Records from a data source

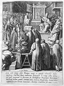 In 1324, the general chapter of the Dominican Order convened to discuss the veneration of Saint Thomas Aquinas.[20] They agreed that he would be exalted as one of the greatest Dominican saints, surpassing Peter of Verona and placed just behind Saint Dominic in importance.[21] Thomas' feast day was confirmed by the chapter in 1326,[22] with the liturgy—one prayer and nine lections[23]—finalized by 1328.[24] In 1348, the count of Fondi, Onorato I Caetani, obtained the remains of Thomas Aquinas from the Cistercians.[25]
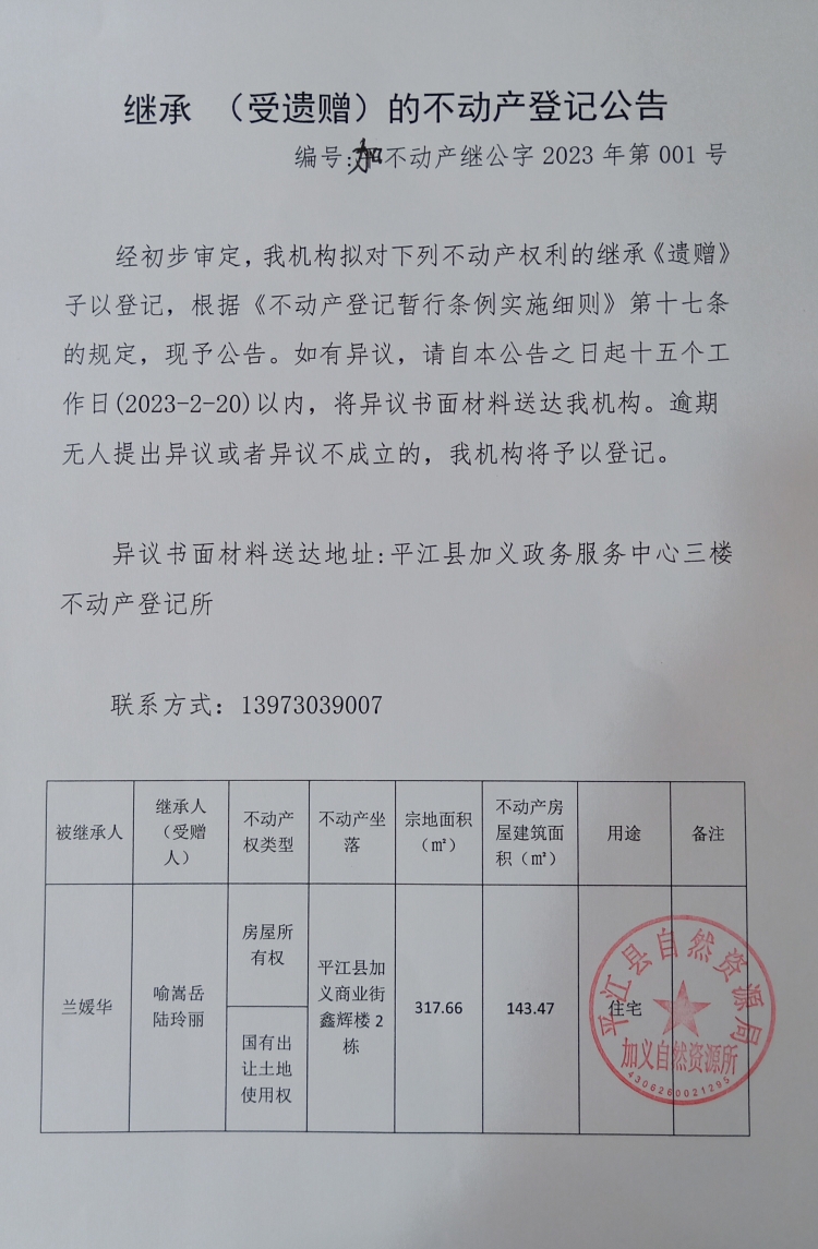 喻嵩岳继承(受遗赠)的不动产登记公告
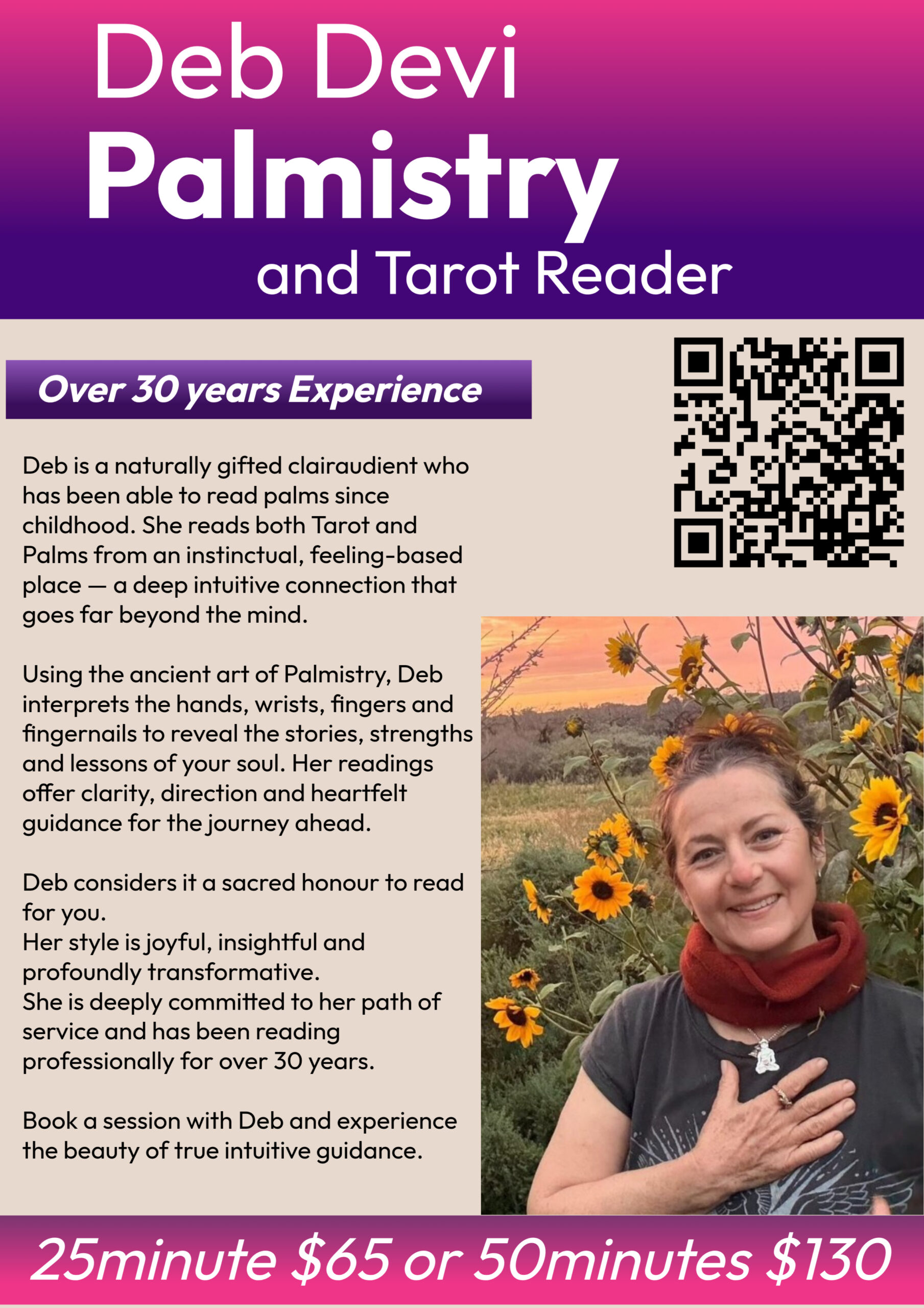 Deb is a naturally gifted clairaudient who has been able to read palms since childhood. She reads both Tarot and Palms from an instinctual, feeling-based place — a deep intuitive connection that goes far beyond the mind.
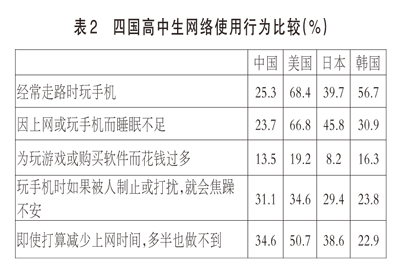 如果中學(xué)生的在線(xiàn)活動(dòng)影響了現(xiàn)實(shí)生活,并引發(fā)沖突,就需要給予引導(dǎo)。由表2的數(shù)據(jù)可見(jiàn),25.3%的中國(guó)高中生經(jīng)常走路時(shí)玩手機(jī),低于其他三國(guó),美國(guó)、韓國(guó)和日本依次為68.4%、56.7%和39.7%;23.7%的中國(guó)高中生因上網(wǎng)或玩手機(jī)而睡眠不足,低于其他三國(guó),美國(guó)、日本和韓國(guó)依次為66.8%、45.8%和30.9%;13.5%的中國(guó)高中生因玩游戲或購(gòu)買(mǎi)軟件而花錢(qián)過(guò)多,在四國(guó)中居第三,美國(guó)和韓國(guó)依次為19.2%和16.3%,分別比中國(guó)高5.7和2.8個(gè)百分點(diǎn),日本為8.2%,比中國(guó)低5.3個(gè)百分點(diǎn)??梢?jiàn),美國(guó)高中生網(wǎng)絡(luò)行為影響現(xiàn)實(shí)生活的最多,而中國(guó)高中生比較理性。
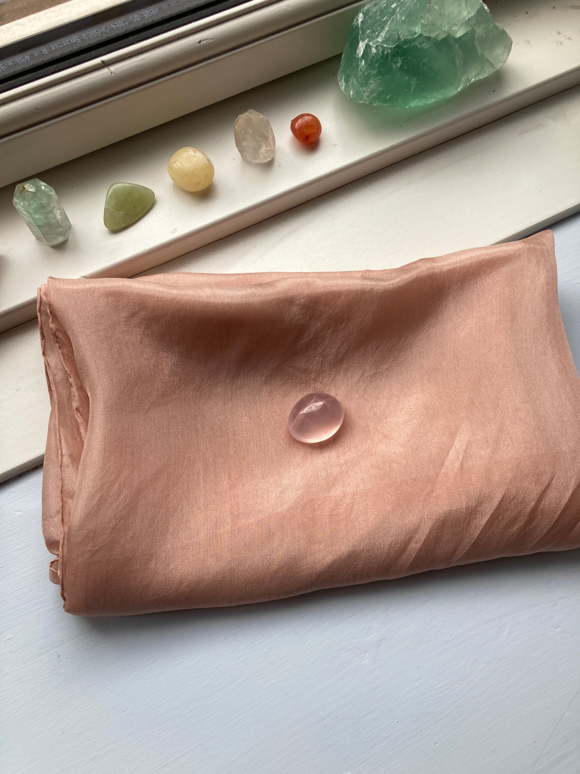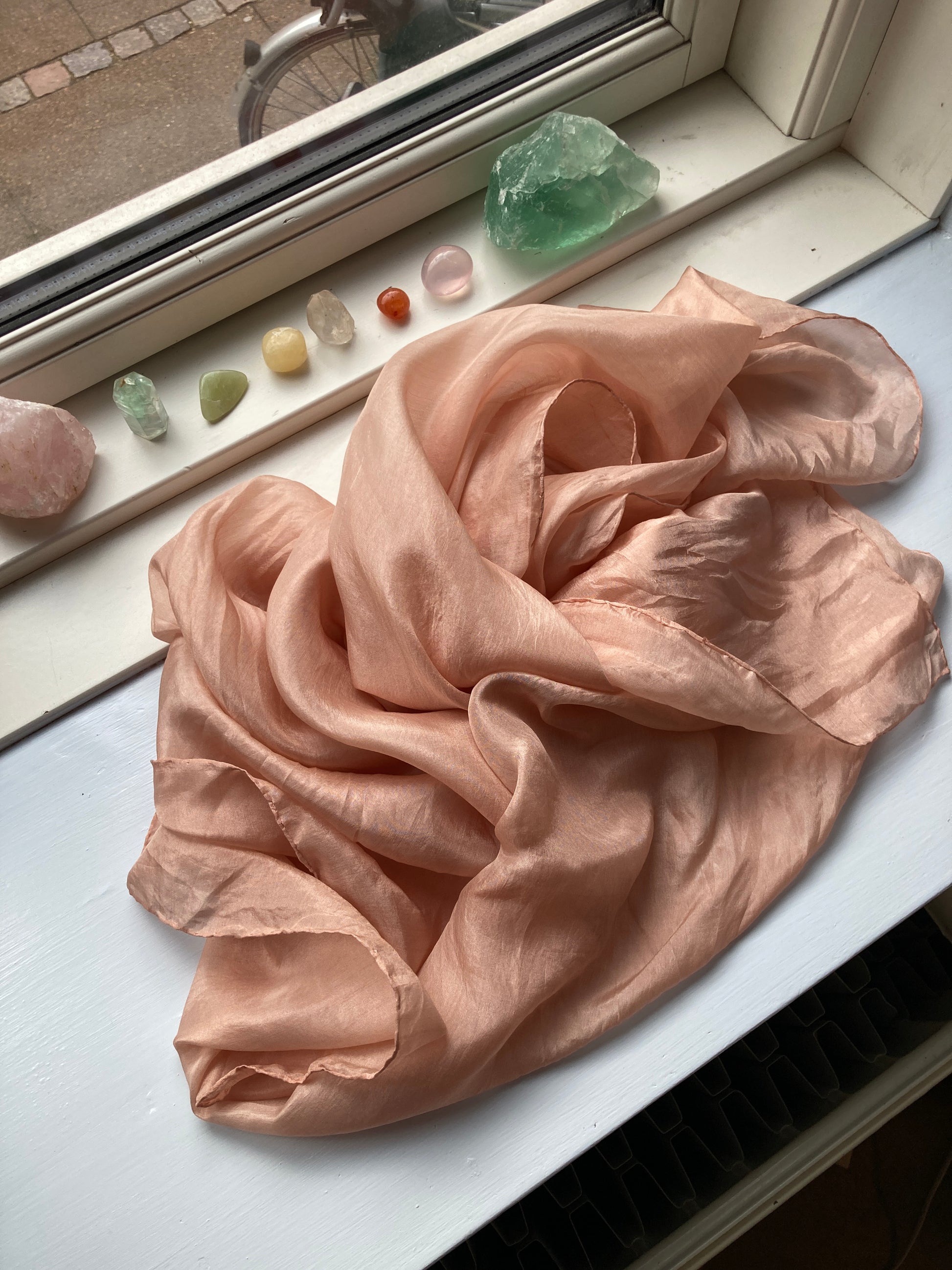 Hvert tørklæde er unikt. Når man plantefarver vil indfarvningen som regel være levende og organisk, hvilket kan medføre små smukke ujævnheder. Dette ser jeg ikke som fejl, men som små skønhedpletter, som giver tørklæderne karakter og personlighed.
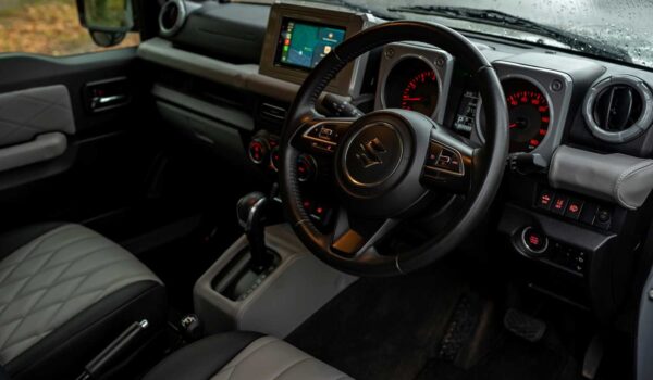 La conversión fue de todo menos sencilla: el chasis se alargó, se instaló un tercer eje con piezas originales de Suzuki, se ampliaron los pasos de rueda y se construyó una nueva caja trasera. Todo esto, bañado en el sofisticado Nardo Grey de Audi y con un interior rediseñado en cuero acolchado negro y gris.
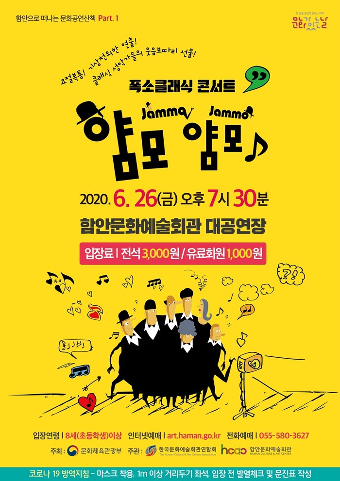 ‘얌모얌모 콘서트’는 한국문화예술회관연합회의 2020년 지역문화예술회관 문화가 있는 날 지원 사업으로 진행되며, 문화가 있는 날은 국민이 일상에서 문화를 쉽게 접할 수 있도록 매달 마지막 주 다양한 문화혜택을 제공하는 날이다.
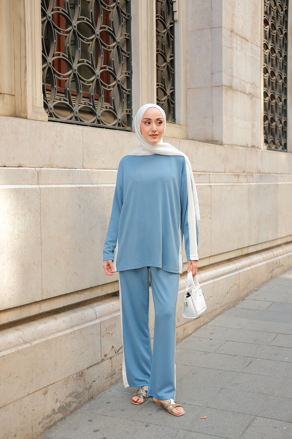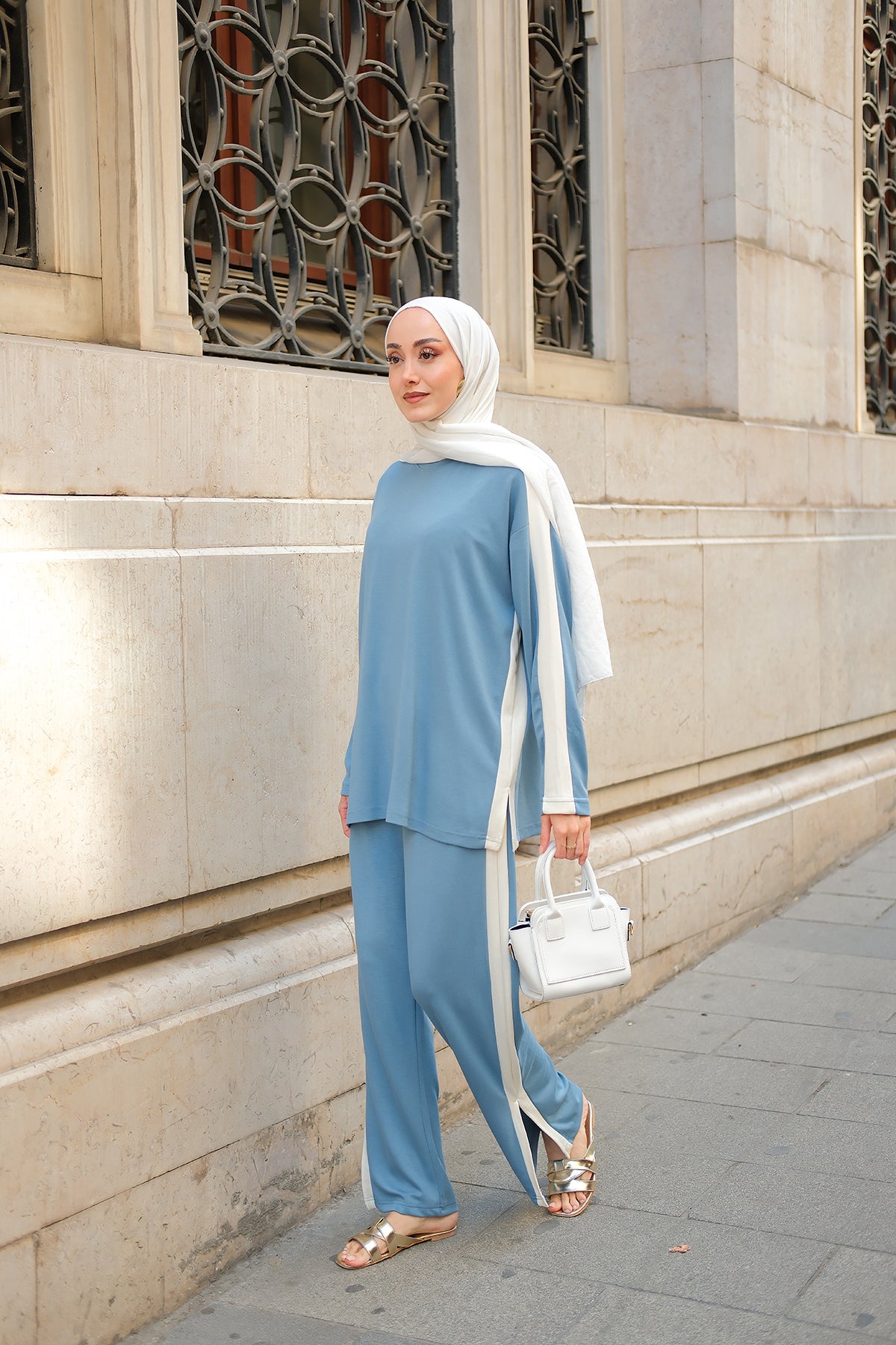 Side Stripe Detail Two-Piece Set - Light Blue
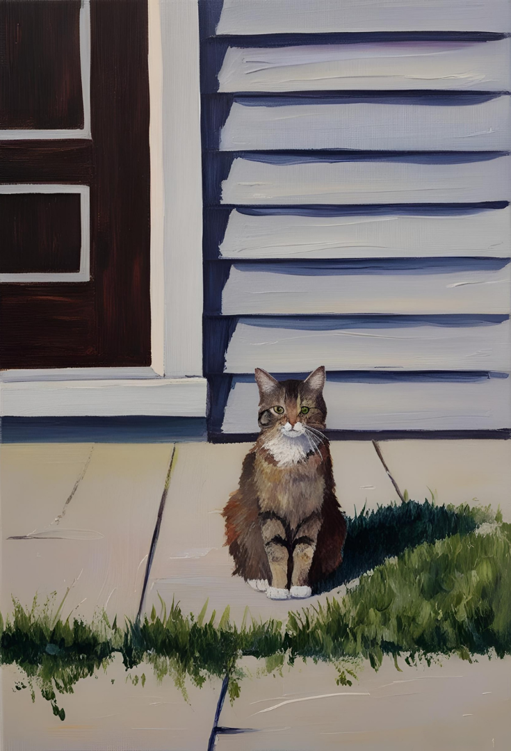 “Paws on the Porch” is a grounded portrait capturing the simplicity of a suburban life. In it can be seen a tabby cat with a curious look on its face. Behind it is a house painted in whites, forming a crispy and geometric backdrop contrasting with the cat’s colors, making it stand out. This piece was made in a painterly manner and gives a sense of familiarity, portraying a daily life scenery.
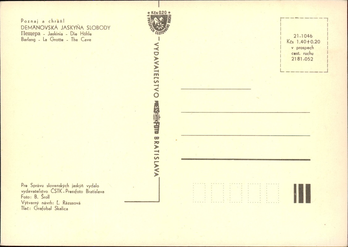 - Mehrbildkarte der Demänováer Freiheitshöhle (Demänovská jaskyňa slobody). Die Ansichten zeigen eine Sesselbahn in bewaldeter Umgebung sowie drei verschiedene Innenaufnahmen der Tropfsteinhöhle mit Stalaktiten und Stalagmiten. Herausgegeben vom Verlag ČSTK-Pressfoto Bratislava für die Správa slovenských jaskýň (Slowakische Höhlenverwaltung). Fotograf: B. Šroll. Grafischer Entwurf: L. Rázusová. Druck: Grafobal Skalica. Die Karte enthält einen Preisaufschlag zugunsten des Fremdenverkehrs.
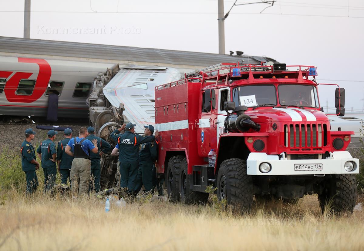 Cars of the Kazan-Adler passenger train, which derailed in the Kotelnikovsky district of the Volgograd region due to a collision with a KamAZ vehicle at a railway crossing. A car and employees of the Russian Ministry of Emergency Situations during the elimination of the consequences of a train crash.
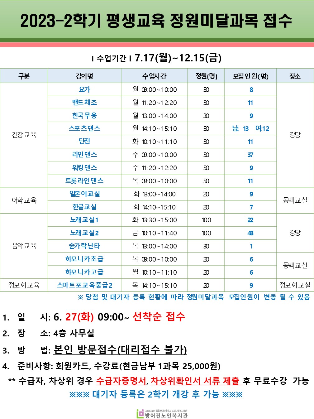 2023³â 2ÇÐ±â Æò»ý±³À°ÇÁ·Î±×·¥ Á¤¿ø¹Ì´Þ°ú¸ñ Ãß°¡ Á¢¼ö ¾È³»...

- [PROBLEM DESCRIPTION] Should a record include a picture, drop the picture and write out the remainder exactly.

- [FINISHED EXERCISE]
 In 1324, the general chapter of the Dominican Order convened to discuss the veneration of Saint Thomas Aquinas.[20] They agreed that he would be exalted as one of the greatest Dominican saints, surpassing Peter of Verona and placed just behind Saint Dominic in importance.[21] Thomas' feast day was confirmed by the chapter in 1326,[22] with the liturgy—one prayer and nine lections[23]—finalized by 1328.[24] In 1348, the count of Fondi, Onorato I Caetani, obtained the remains of Thomas Aquinas from the Cistercians.[25]
 喻嵩岳继承(受遗赠)的不动产登记公告
 Deb is a naturally gifted clairaudient who has been able to read palms since childhood. She reads both Tarot and Palms from an instinctual, feeling-based place — a deep intuitive connection that goes far beyond the mind.
 如果中學(xué)生的在線(xiàn)活動(dòng)影響了現(xiàn)實(shí)生活,并引發(fā)沖突,就需要給予引導(dǎo)。由表2的數(shù)據(jù)可見(jiàn),25.3%的中國(guó)高中生經(jīng)常走路時(shí)玩手機(jī),低于其他三國(guó),美國(guó)、韓國(guó)和日本依次為68.4%、56.7%和39.7%;23.7%的中國(guó)高中生因上網(wǎng)或玩手機(jī)而睡眠不足,低于其他三國(guó),美國(guó)、日本和韓國(guó)依次為66.8%、45.8%和30.9%;13.5%的中國(guó)高中生因玩游戲或購(gòu)買(mǎi)軟件而花錢(qián)過(guò)多,在四國(guó)中居第三,美國(guó)和韓國(guó)依次為19.2%和16.3%,分別比中國(guó)高5.7和2.8個(gè)百分點(diǎn),日本為8.2%,比中國(guó)低5.3個(gè)百分點(diǎn)??梢?jiàn),美國(guó)高中生網(wǎng)絡(luò)行為影響現(xiàn)實(shí)生活的最多,而中國(guó)高中生比較理性。
 Hvert tørklæde er unikt. Når man plantefarver vil indfarvningen som regel være levende og organisk, hvilket kan medføre små smukke ujævnheder. Dette ser jeg ikke som fejl, men som små skønhedpletter, som giver tørklæderne karakter og personlighed.
 La conversión fue de todo menos sencilla: el chasis se alargó, se instaló un tercer eje con piezas originales de Suzuki, se ampliaron los pasos de rueda y se construyó una nueva caja trasera. Todo esto, bañado en el sofisticado Nardo Grey de Audi y con un interior rediseñado en cuero acolchado negro y gris.
 ‘얌모얌모 콘서트’는 한국문화예술회관연합회의 2020년 지역문화예술회관 문화가 있는 날 지원 사업으로 진행되며, 문화가 있는 날은 국민이 일상에서 문화를 쉽게 접할 수 있도록 매달 마지막 주 다양한 문화혜택을 제공하는 날이다.
 Side Stripe Detail Two-Piece Set - Light Blue
 “Paws on the Porch” is a grounded portrait capturing the simplicity of a suburban life. In it can be seen a tabby cat with a curious look on its face. Behind it is a house painted in whites, forming a crispy and geometric backdrop contrasting with the cat’s colors, making it stand out. This piece was made in a painterly manner and gives a sense of familiarity, portraying a daily life scenery.
 - Mehrbildkarte der Demänováer Freiheitshöhle (Demänovská jaskyňa slobody). Die Ansichten zeigen eine Sesselbahn in bewaldeter Umgebung sowie drei verschiedene Innenaufnahmen der Tropfsteinhöhle mit Stalaktiten und Stalagmiten. Herausgegeben vom Verlag ČSTK-Pressfoto Bratislava für die Správa slovenských jaskýň (Slowakische Höhlenverwaltung). Fotograf: B. Šroll. Grafischer Entwurf: L. Rázusová. Druck: Grafobal Skalica. Die Karte enthält einen Preisaufschlag zugunsten des Fremdenverkehrs.
 Cars of the Kazan-Adler passenger train, which derailed in the Kotelnikovsky district of the Volgograd region due to a collision with a KamAZ vehicle at a railway crossing. A car and employees of the Russian Ministry of Emergency Situations during the elimination of the consequences of a train crash.
 2023³â 2ÇÐ±â Æò»ý±³À°ÇÁ·Î±×·¥ Á¤¿ø¹Ì´Þ°ú¸ñ Ãß°¡ Á¢¼ö ¾È³»...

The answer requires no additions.